When the issue closed, only bids amounting to $ 181.73 million were received.
The offer included a mix of 1 year 6 months, 2 years 6 months, 3 years 3 months and 4 years 3 months tenor at fixed rate (determined through competitive bidding) and floating rate (6 month LIBOR or its successor for US Dollar + margin through competitive bidding).
Largest bids ($129.55 million) were received for the short-term 1 year six months option. Of that bids for floating rate option was $ 105.50 million, of which $ 103.50 million were accepted at 3.42 weight average margin (%) over 6-month LIBOR. Central Bank also accepted $ 24.05 m bids on fixed rate of 5.82%.

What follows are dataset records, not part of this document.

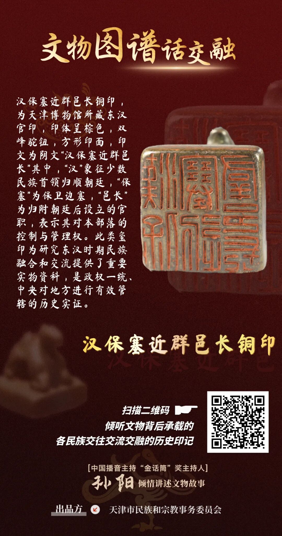 按:为进一步宣传贯彻落实习近平总书记关于加强和改进民族工作的重要思想以及习近平总书记视察天津重要讲话精神,牢牢把握新时代的文化使命,坚持以文化人、以文惠民、以文润城、以文兴业,在推动文化传承发展上善作善成,市民族宗教委紧紧把握铸牢中华民族共同体意识工作主线,从《中国民族文物图谱•天津市卷》中精选出珍贵文物,制作了23张“文物图谱话交融”为主题的有声海报,生动再现天津各民族广泛交往交流交融的历史故事。
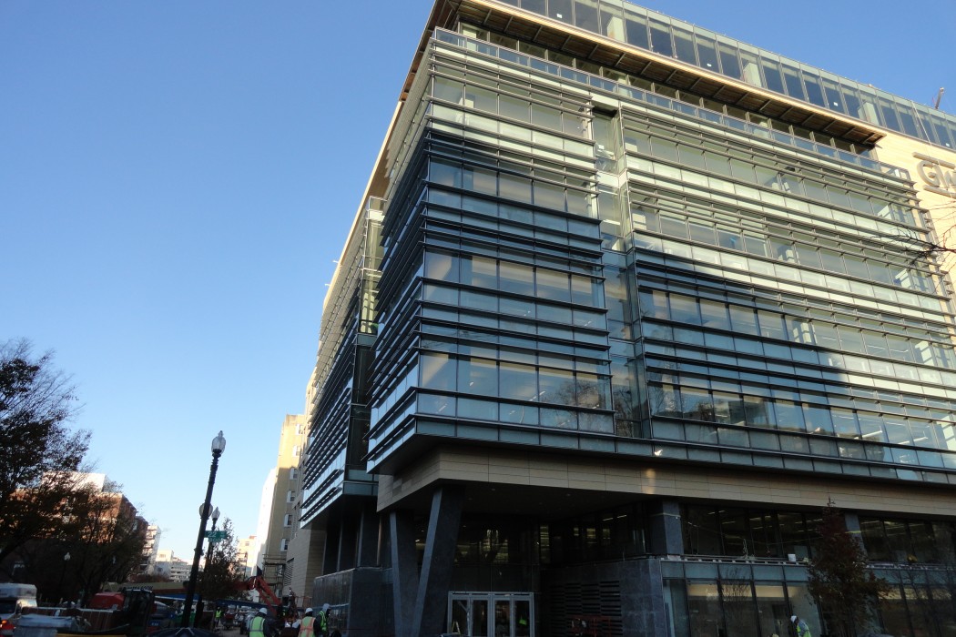 As with any high-performance building, particularly a building containing laboratories and sensitive equipment, achieving a weather-tight enclosure was critical. To mitigate the risk for uncontrolled rainwater penetration and moisture ingress, condensation, and moisture-laden air flow through the new above-grade building enclosure, WJE was retained by George Washington University to provide exterior enclosure consulting services during design and construction of the nearly 500,000-square-foot building.
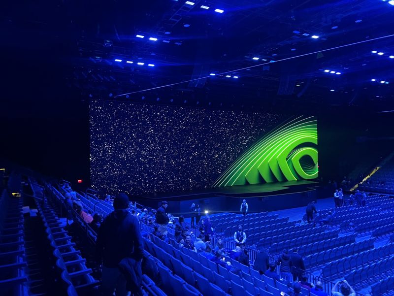 기조 연설장은 1만명은 족히 넘게 들어갈 수 있을 정도의 크기였다. 기자가 들어올 때는 팝가수 워터멜론 슈가의 'Harry Styles'가 흘러나왔다. 조명은 엔비디아의 상징인 초록 불빛과 주황 불빛 그리고 흰색 불빛이 교차했다.
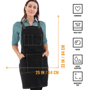 EXCLUSIVE WAXED CANVAS – This apron is crafted with our special and strong Heavy-Duty, Water Resistant16 oz Waxed Cotton Canvas, a tough yet flexible material that shields and allows comfortable movement. Unlike other bulky waxed aprons,it's lightweight, practical, and ready to use, preserving your clothes and keeping you clean.Provides long-lasting protection and peace of mind year after year.
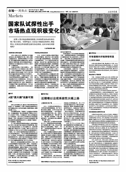 国家队试探性出手 市场热点现积极变化趋势
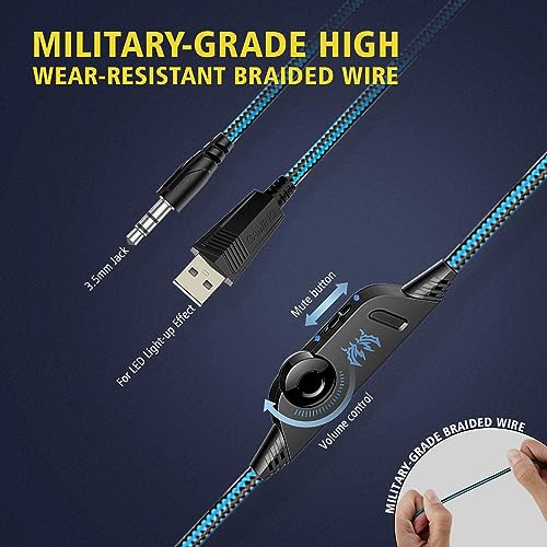 - 🎮【متينة】سماعة الرأس مزودة بوحدة تحكم دوارة في مستوى الصوت وكتم صوت الميكروفون بنقرة واحدة، مما يجعلها أكثر ملاءمة لك للتشغيل والاستخدام. كيبل سماعة الرأس ملفوف بسلك مضفر، والذي يتميز بشد طويل الأمد لتقليل المقاومة الخارجية بشكل فعال، ومجهز بربطة لمنع تشابك السلك.

Four year 3 months floating rate option got the second highest bids ($ 21.65 million), all of which were accepted at 3.89.
Bids received on 2 year 6 months – $16.53 million floating at 3.33% and $ 0.60 million fixed rate at 5.75% – wereaccepted as well along with $ 13 million floating 3 years 3 months at 3.51% and $ 0.40 million fixed rate at 3.33% being accepted.
The last SLDB of 2018 worth $ 100 million in September too got undersubscribed with bids received being $ 82.86 million. Of that Central Bank accepted $ 54.40 million bids for 1 year 8 months tenor at fixed rate of 5% and $ 25.46 million on 3 years 8 months tenor at fixed rate of 5.75%. There were no bids for 4 years 8 months tenor.